LA GUERRE « RÉACTIVÉE » ET DÉNONCÉE EN CHANSONS
Longévité et réactivations dénonciatrices

Entre 1917 et 1918, Bertolt Brecht écrit le texte très subversif de Die Legende vom toten Soldaten qu’il met lui-même en musique sur une mélodie simple, celle d’une valse lancinante composée sur un ton mineur (qui tranche avec le ton majeur et euphorisant de bien des chants nationalistes). Les paroles de cette chanson paraissent en 1922 en annexe du drame Trommeln in der Nacht (Brecht 1922), puis en 1927, dans le recueil Bertolt Brechts Hauspostille (Brecht 1927). Elle sera notamment immortalisée par l’interprétation de Ernst Busch

https://www.youtube.com/watch?v=o9pAPnKUBAM [consulté 5.7.2021].

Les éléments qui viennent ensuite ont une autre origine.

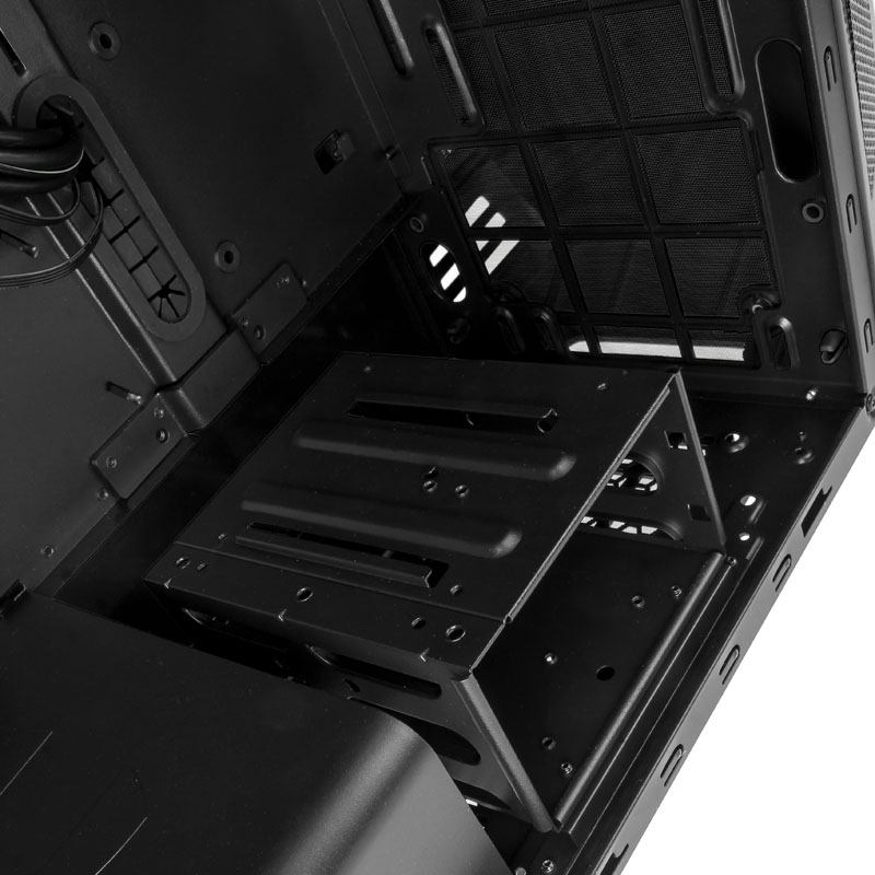 All’interno trovano posto due cestelli removibili per periferiche da 3,5″”/2,5″” ed almeno un paio di predisposizioni per SSD posizionate in alcuni punti strategici da utilizzare nel caso in cui i due cestelli vengano entrambi rimossi.

. Avec l’humour noir d’un Otto Dix, le narrateur nous raconte comment, dans les derniers mois de la guerre, le cadavre d’un soldat allemand, tombé plus ou moins volontairement au champ d’honneur, est jugé déserteur et forcé de reprendre du service: Und als der Krieg im vierten Lenz Keinen Ausblick auf Frieden bot Da zog der Soldat seine Konsequenz Und starb den Heldentod. Der Krieg war aber noch nicht gar Drum tat es dem Kaiser leid Daß sein Soldat gestorben war: Es schien ihm noch vor der Zeit. […] Es zog die ärztliche Kommission Zum Gottesacker hinaus Und grub mit geweihtem Spaten den Gefallnen Soldaten aus. […] Und der Doktor fand, der Soldat war k. v. [kriegsverwendungsfähig] Und er drückte sich vor der Gefahr. Und sie nahmen sogleich den Soldaten mit;

La métaphore du soldat mort, forcé de repartir au combat, illustre ironiquement la désespérance, l’arbitraire et l’absurdité des derniers mois de la Grande Guerre. L’image macabre du combattant déterré suggère l’idée que les soldats deviennent tous des morts-vivants en puissance, des marionnettes animées par un pouvoir arbitraire (de nature politico-religieuse), et « ranimées » par l’alcool, les infirmières, les prostituées, la musique militaire, le tout sur fond de propagande impériale héroïsante : Sie schütteten ihm einen feurigen Schnaps In den verwesten Leib Und hängten zwei Schwestern in seinen Arm Und ein halb entblößtes Weib. Und weil der Soldat nach Verwesung stinkt Drum hinkt ein Pfaffe voran Der über ihn ein Weihrauchfaß schwingt Daß er nicht stinken kann. Voran die Musik mit Tschindrara Spielt einen flotten Marsch.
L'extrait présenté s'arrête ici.